Since the satellite had stopped transmitting in A.Y. 308, the survey team had had no images of the planetary surface (the relay station monitoring atmospheric levels could only pick up the planet intermittently on long-range scanners). Their initial look at the planet showed no signs of artificial structures.

Although the planet now had a breathable atmosphere, it was far from habitable. Now mostly desert, it was a world of high heat and deep cold. Using maps created by the initial survey team, the new group picked a likely spot and began to excavate.

After digging through hundreds of feet of soil and rock, they finally unearthed the remains of an ancient city. Proving, at long last, that JAL 667 had once been inhabited. But by whom? and what had happened to them?

Excavations on the planet proved too difficult (archeologists had to dig through over a thousand feet just to reach street-level, and what was left was not well-preserved), and researchers began working on a large scale to answer at least the most basic questions about this planet's turbulent past.

The comet impacts could not be accurately dated due to the severe weather patterns; but based on acid levels (tracked for more than 1500 years), scientists were able to estimate the planet had become uninhabitable sometime around 250-700 B.G.A., meaning it was likely involved in and had been destroyed by the Mage Wars.

The high levels of nitric acid were concluded the result of chemical and biological weapons, and the comet was theorized to have been deliberately diverted at the planet. Its mysterious inhabitants, it was reasoned, were all killed.

This prevailing view was held for another 3600 years.

The Truth About JAL 667

In A.Y. 6175, excavations on JAL 667 finally unearthed well-preserved ruins. Specifically, a perfectly-intact bank vault, shielded heavily enough to survive through the eons.

The vault contained numerous safety-deposit boxes, but these were, quite curiously, empty. What was found, however, were numerous plaques.

Throughout the long and storied history of digging on JAL 667, archeologists had very consistently failed to find two things: writing, and bodies.

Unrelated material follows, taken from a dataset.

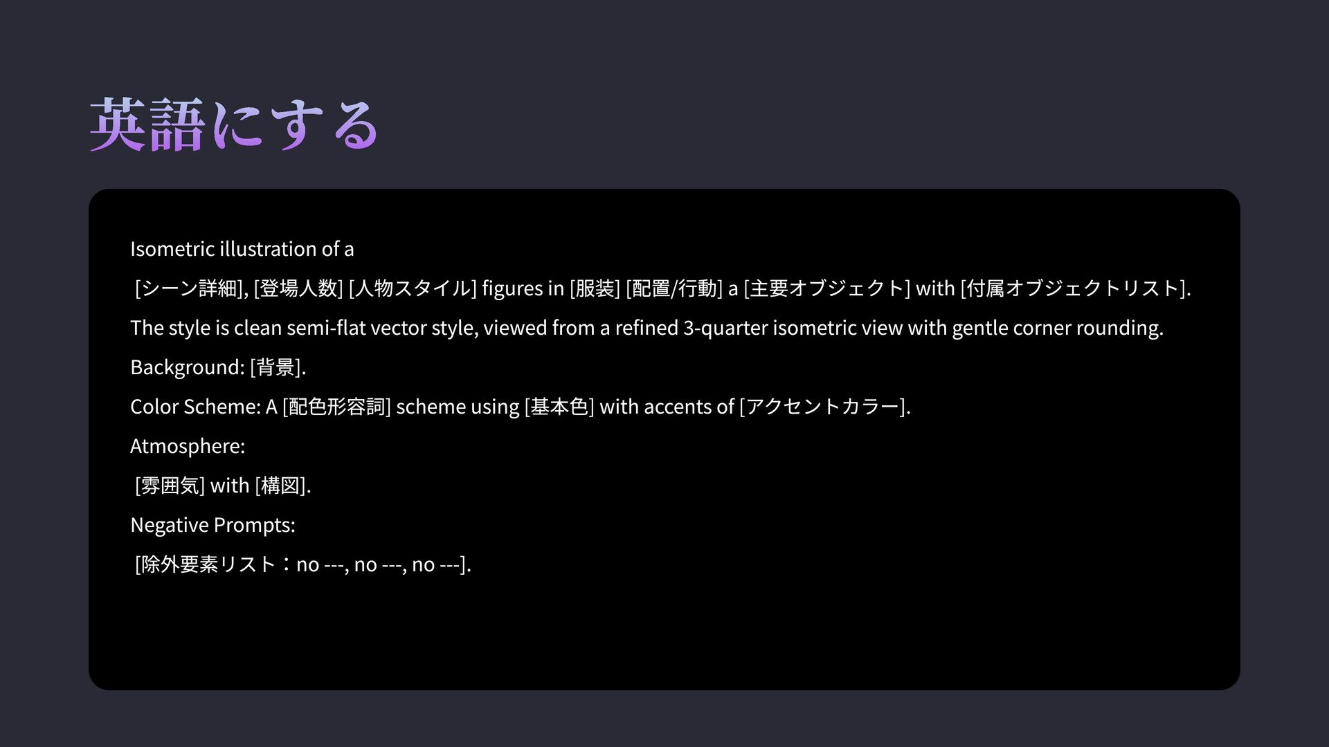 2. 英語にする Isometric illustration of a [シーン詳細], [登場人数] [人物スタイル] figures in

Due to the extremely poor preservation of the excavated cities, it was not hard to explain the lack of writing. Signs, plaques, and anything paper had long ago rotted away. Only stonework, and some evidence of wood (often compressed into coal) survived. Even metal was usually just oxidized clumps of nothing.

But the vault was immaculate. It was perfect, and it was empty.

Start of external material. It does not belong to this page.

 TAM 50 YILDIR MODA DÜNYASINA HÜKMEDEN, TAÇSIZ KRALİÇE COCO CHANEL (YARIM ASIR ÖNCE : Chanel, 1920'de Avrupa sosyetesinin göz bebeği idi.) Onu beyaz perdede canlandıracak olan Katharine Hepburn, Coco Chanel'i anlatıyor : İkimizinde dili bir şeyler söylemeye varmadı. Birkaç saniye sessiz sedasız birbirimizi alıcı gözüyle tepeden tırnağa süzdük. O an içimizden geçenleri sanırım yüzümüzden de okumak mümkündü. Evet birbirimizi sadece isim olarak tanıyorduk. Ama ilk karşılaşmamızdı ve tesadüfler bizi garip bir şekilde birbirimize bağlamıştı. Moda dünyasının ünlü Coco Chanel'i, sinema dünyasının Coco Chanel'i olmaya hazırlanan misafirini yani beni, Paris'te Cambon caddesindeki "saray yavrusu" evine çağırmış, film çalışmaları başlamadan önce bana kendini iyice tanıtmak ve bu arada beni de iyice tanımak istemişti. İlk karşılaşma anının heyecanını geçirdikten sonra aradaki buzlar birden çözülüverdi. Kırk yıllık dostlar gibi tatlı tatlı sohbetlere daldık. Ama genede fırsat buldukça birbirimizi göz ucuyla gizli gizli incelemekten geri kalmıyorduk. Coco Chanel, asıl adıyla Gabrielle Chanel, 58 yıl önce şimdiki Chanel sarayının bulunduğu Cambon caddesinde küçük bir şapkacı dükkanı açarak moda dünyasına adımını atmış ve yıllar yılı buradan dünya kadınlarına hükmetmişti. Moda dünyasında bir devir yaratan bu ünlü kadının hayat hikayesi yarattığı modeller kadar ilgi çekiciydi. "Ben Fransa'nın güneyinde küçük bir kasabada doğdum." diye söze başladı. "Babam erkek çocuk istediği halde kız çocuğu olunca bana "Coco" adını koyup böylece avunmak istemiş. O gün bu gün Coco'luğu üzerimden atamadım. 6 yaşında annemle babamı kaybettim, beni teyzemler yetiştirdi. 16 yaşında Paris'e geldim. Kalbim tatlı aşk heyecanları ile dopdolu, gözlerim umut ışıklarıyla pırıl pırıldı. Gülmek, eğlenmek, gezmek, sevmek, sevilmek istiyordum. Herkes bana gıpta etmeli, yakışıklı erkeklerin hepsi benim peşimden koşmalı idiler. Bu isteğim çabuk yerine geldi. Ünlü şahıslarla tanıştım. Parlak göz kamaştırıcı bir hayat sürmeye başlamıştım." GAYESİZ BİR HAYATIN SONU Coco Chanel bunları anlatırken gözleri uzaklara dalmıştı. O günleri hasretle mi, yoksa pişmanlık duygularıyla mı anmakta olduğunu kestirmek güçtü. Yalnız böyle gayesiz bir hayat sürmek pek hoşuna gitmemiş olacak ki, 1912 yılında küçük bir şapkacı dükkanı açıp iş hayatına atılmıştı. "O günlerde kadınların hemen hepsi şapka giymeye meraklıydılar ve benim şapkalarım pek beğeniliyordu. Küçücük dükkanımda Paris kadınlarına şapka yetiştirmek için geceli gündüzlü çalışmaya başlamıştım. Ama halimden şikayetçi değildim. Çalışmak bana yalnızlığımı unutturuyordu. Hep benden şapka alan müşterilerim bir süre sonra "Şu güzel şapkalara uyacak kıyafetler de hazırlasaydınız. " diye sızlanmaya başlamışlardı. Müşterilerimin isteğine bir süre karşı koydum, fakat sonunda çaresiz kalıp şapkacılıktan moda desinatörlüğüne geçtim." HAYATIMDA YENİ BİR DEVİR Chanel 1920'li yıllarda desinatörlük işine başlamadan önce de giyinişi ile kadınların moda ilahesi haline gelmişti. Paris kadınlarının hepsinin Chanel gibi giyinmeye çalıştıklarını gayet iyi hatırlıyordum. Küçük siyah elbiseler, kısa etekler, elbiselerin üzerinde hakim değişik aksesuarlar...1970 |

Yet plaques, high on the walls, held the first writing ever discovered on JAL 667, the first hint at who had once called this place "home". It was only a few small sentences, not enough for a linguist to work with; but writing, all the same.

Had this find been discovered just a century earlier, it might have gone untranslated into the twilight of the epoch. But during the early Sixth Age, the circumstances were right for someone to recognize this writing.

What was written on the walls of that ancient vault was unimportant; but it was written in Kamian.

JAL 667, then, is believed to be the original Kamian Homeworld.